Figure 6Evidence of natural selection for the GWAS SNPs in the GDF5 and IL1RL1/IL18R1 genes. Data were extracted from the 1000 Genomes Selection Browser 1.0 for two natural selection tests: global Fst and integrated haplotype score (iHS). (a) Global Fst values for the SNP rs143384 (Fst = 0.649) and rs224333 (Fst = 0.714) in the GDF5 gene. GWAS signals for the SNPs rs143384 and rs224333 were reported for European and mixed ancestry populations. (b) iHS signals for the SNPs rs2001461 (iHS = 4.54), rs1420103 (iHS = 3.46) and rs6419573 (iHS = 3.34) in the IL18R1/IL1RL1 locus in CEU population. GWAS signals for these SNPs were reported for European ancestry individuals.
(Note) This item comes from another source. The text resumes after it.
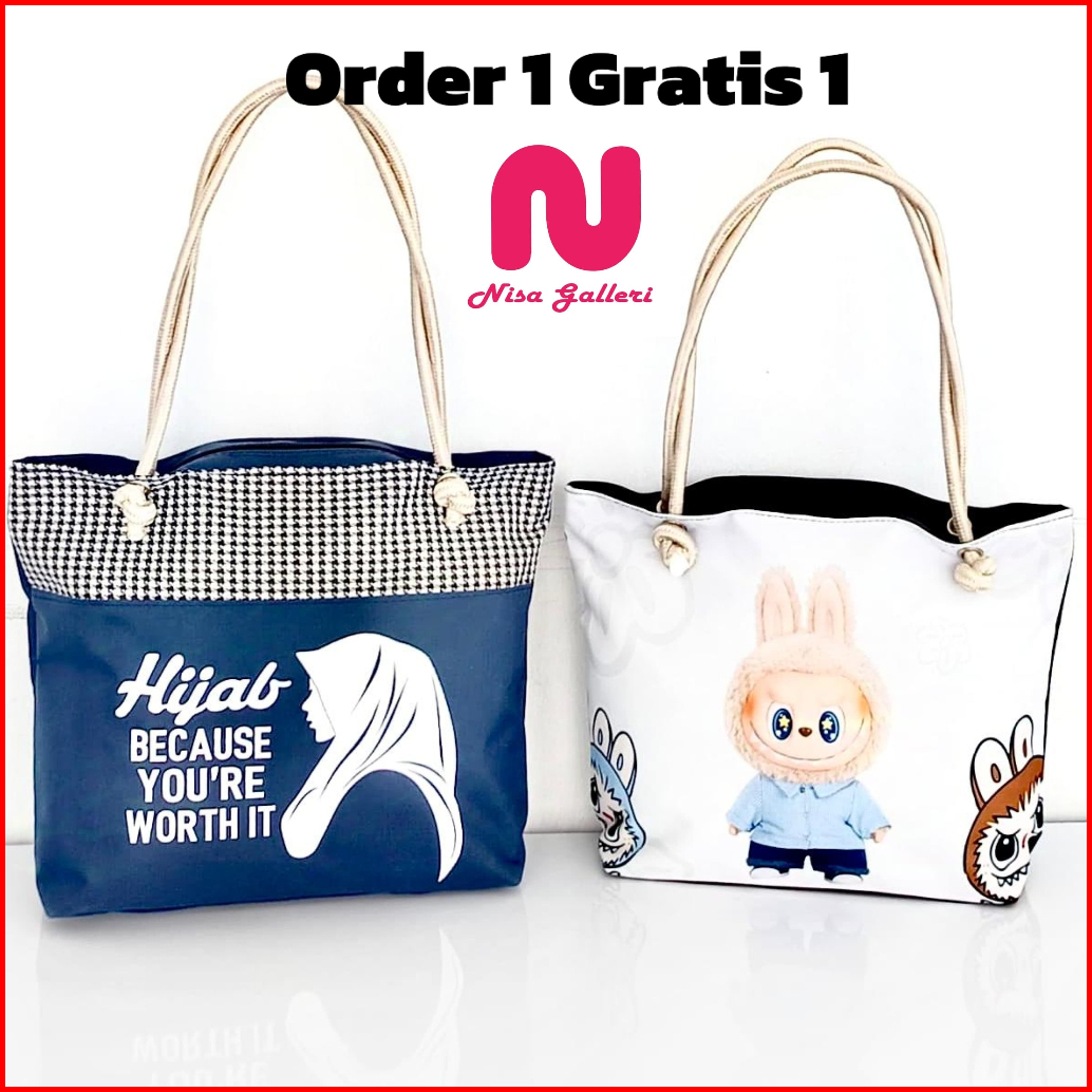 Nisa Galleri Tas Wanita Terbaru Tote Bag Tali Sumbu Tas Kuliah Tas Kerja Kekinian Tote Motif 2024

Figure 7eQTL analysis of GWAS Catalog SNPs in cytokine genes. (a) Distribution of eSNPs and non-eSNPs by genomic region (upper panel). Number of GTEx associations per eSNP by genomic region (middle panel). IW-scores (K10) by genomic region (bottom panel). (b) Circos plot illustrating by chromosomal region distribution of the numbers of GWAS Catalog associations, unique GWAS Catalog SNPs, unique eSNPs, eSNP associations in the GTEx v.8 database and target genes (from the periphery to the center). (c) Spectrum of GWAS diseases associated with eSNPs in cytokine genes (frequency of association occurrence ≥ 5). (d) Results of ARCHS4 Tissues enrichment analysis for 655 target genes encoding proteins involved in protein interactions. (e) Top ten unique GO terms returned by GO enrichment analysis for the whole set of target genes. (f) Jaccard tissue similarity matrix for eQTL profiles based on matching eQTLs with their target genes and NES (Normalized effect size) direction: for the whole set of target genes (above the diagonal) and for the subset of target cytokines (under the diagonal). *(c) Ankylosing spondylitis, psoriasis, ulcerative colitis, Crohn's disease, sclerosing cholangitis; (e) positive regulation of phosphate metabolic process.